Memoization vs Ordinary Caching
Memoization is a specialized form of caching.
Ordinary caching:
store arbitrary results
Memoization:
store results of pure subproblems
A memoized state should always produce the same answer.
This deterministic property guarantees correctness.
Common Mistakes
Forgetting to Store Results
solve(...)
is computed repeatedly.
Performance remains exponential.
Incorrect State Keys
Example:
store only position
when answer also depends on:
remaining capacity
Different subproblems overwrite each other.
Mutable State
If a state contains mutable data:
lists
maps
objects
hashing and equality become error-prone.
Prefer immutable state representations.
Missing Base Cases
Memoization does not eliminate the need for valid stopping conditions.
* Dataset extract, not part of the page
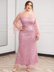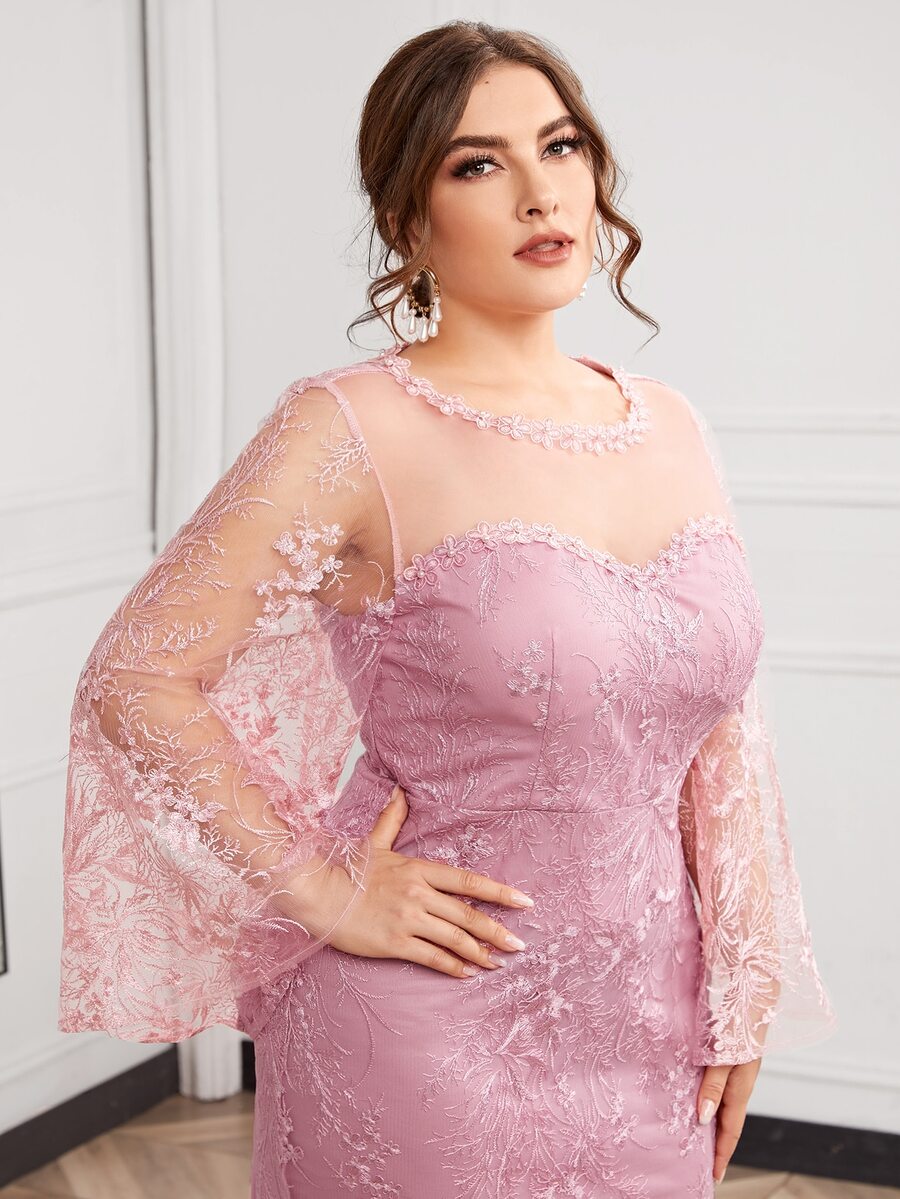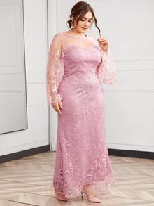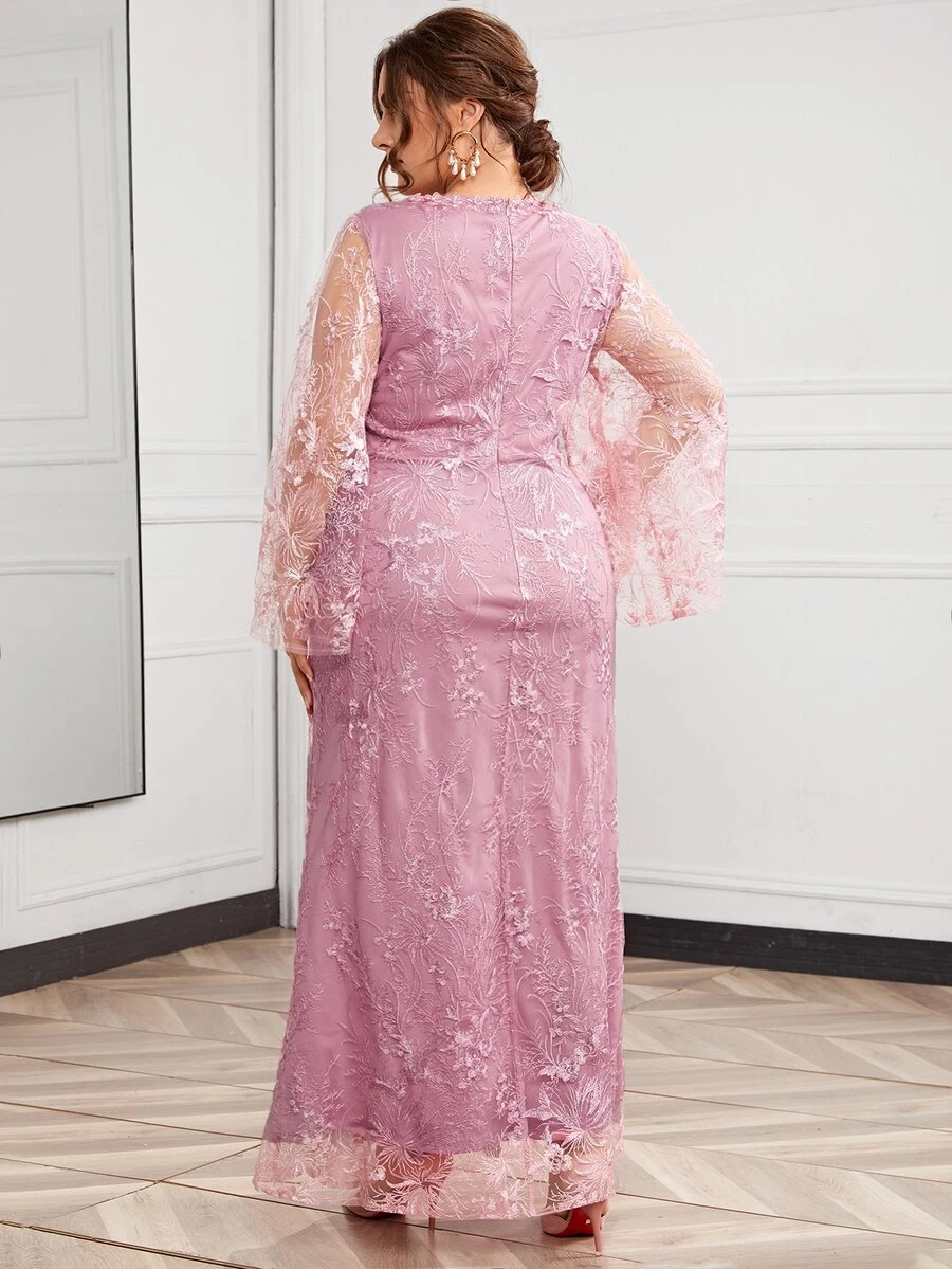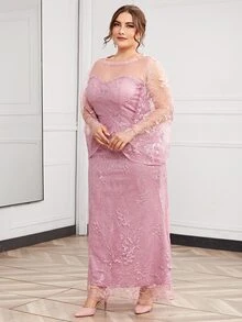 Plus Floral Embroidered Mesh Fitted Dress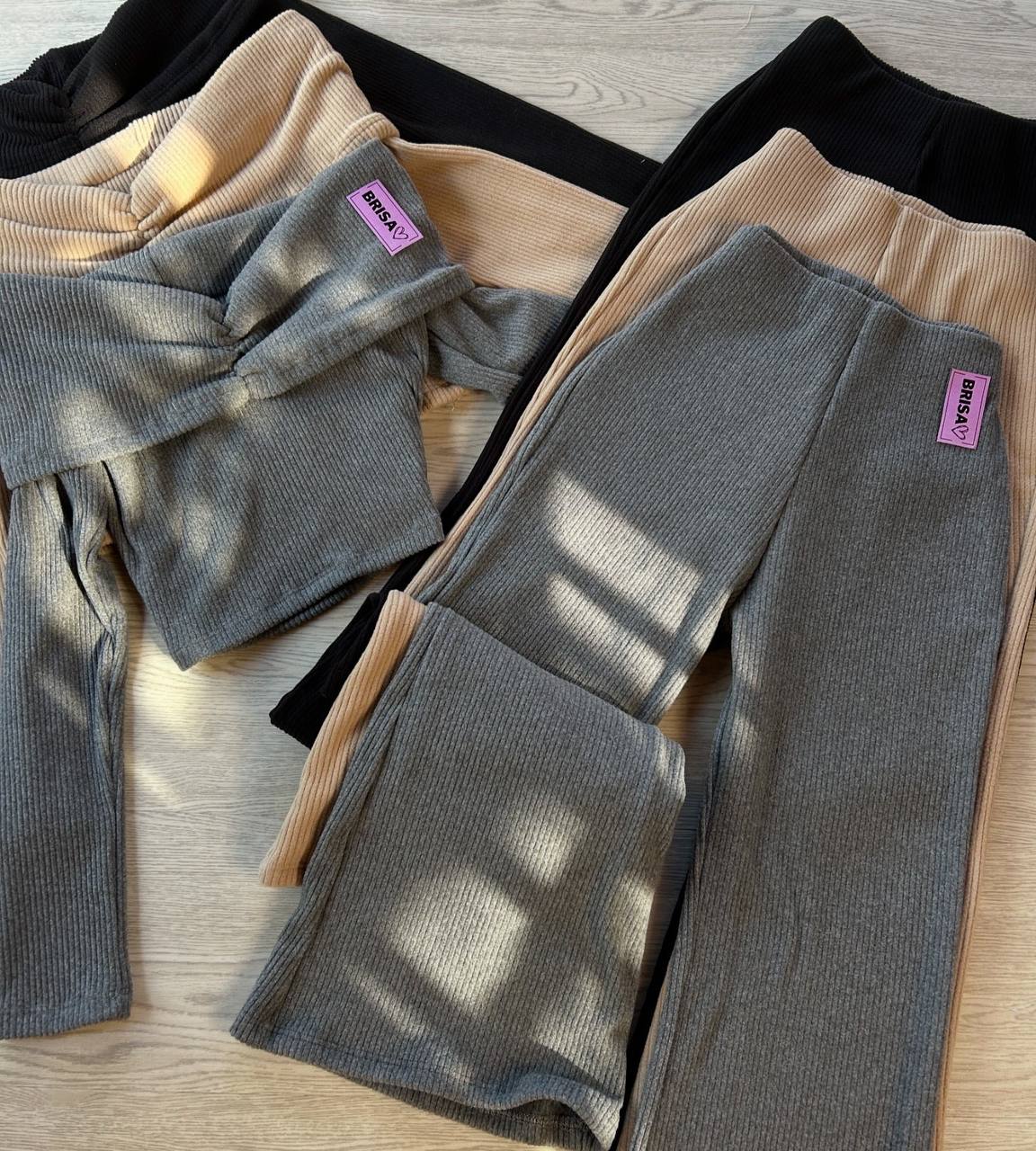 Костюм : кофточка с открытой плечами + штаны палаццо из плотной ткани

Infinite recursion still occurs.
Memory Considerations
Memoization stores every reachable state.
Memory complexity:
$$ O(S) $$
where:
$$ S $$
is the number of distinct states.
Sometimes:
time decreases dramatically
memory increases significantly
This tradeoff is fundamental to dynamic programming.
Memoization Advantages
Natural Implementation
The code mirrors the mathematical recurrence.
Easy to Write
No dependency ordering is required.
Computes Only Needed States
Unreachable states are never evaluated.
Excellent for Complex State Spaces
Tree DP, graph DP, digit DP, and game search often begin with memoization.
Memoization Disadvantages
Recursion Overhead
Function calls introduce extra cost.
Stack Depth Limits
Deep recursion may overflow the call stack.
Less Predictable Memory Access
Cached states may be visited in irregular order.
Harder to Optimize
Advanced space optimizations are usually easier with tabulation.
Complexity Analysis
Let:
$$ S $$
be the number of distinct states.
Let:
$$ K $$
be the transition cost.
Each state is computed once.
Total running time:
$$ O(S \times K) $$
Memory usage:
$$ O(S) $$
These formulas characterize most memoized dynamic programming algorithms.
Takeaway
Memoization transforms recursive recurrences into efficient dynamic programming solutions by caching previously computed states. Each state is evaluated at most once, eliminating redundant computation caused by overlapping subproblems. The resulting implementation closely follows the mathematical recurrence, making memoization one of the most effective and intuitive ways to develop dynamic programming solutions before moving to iterative tabulation techniques.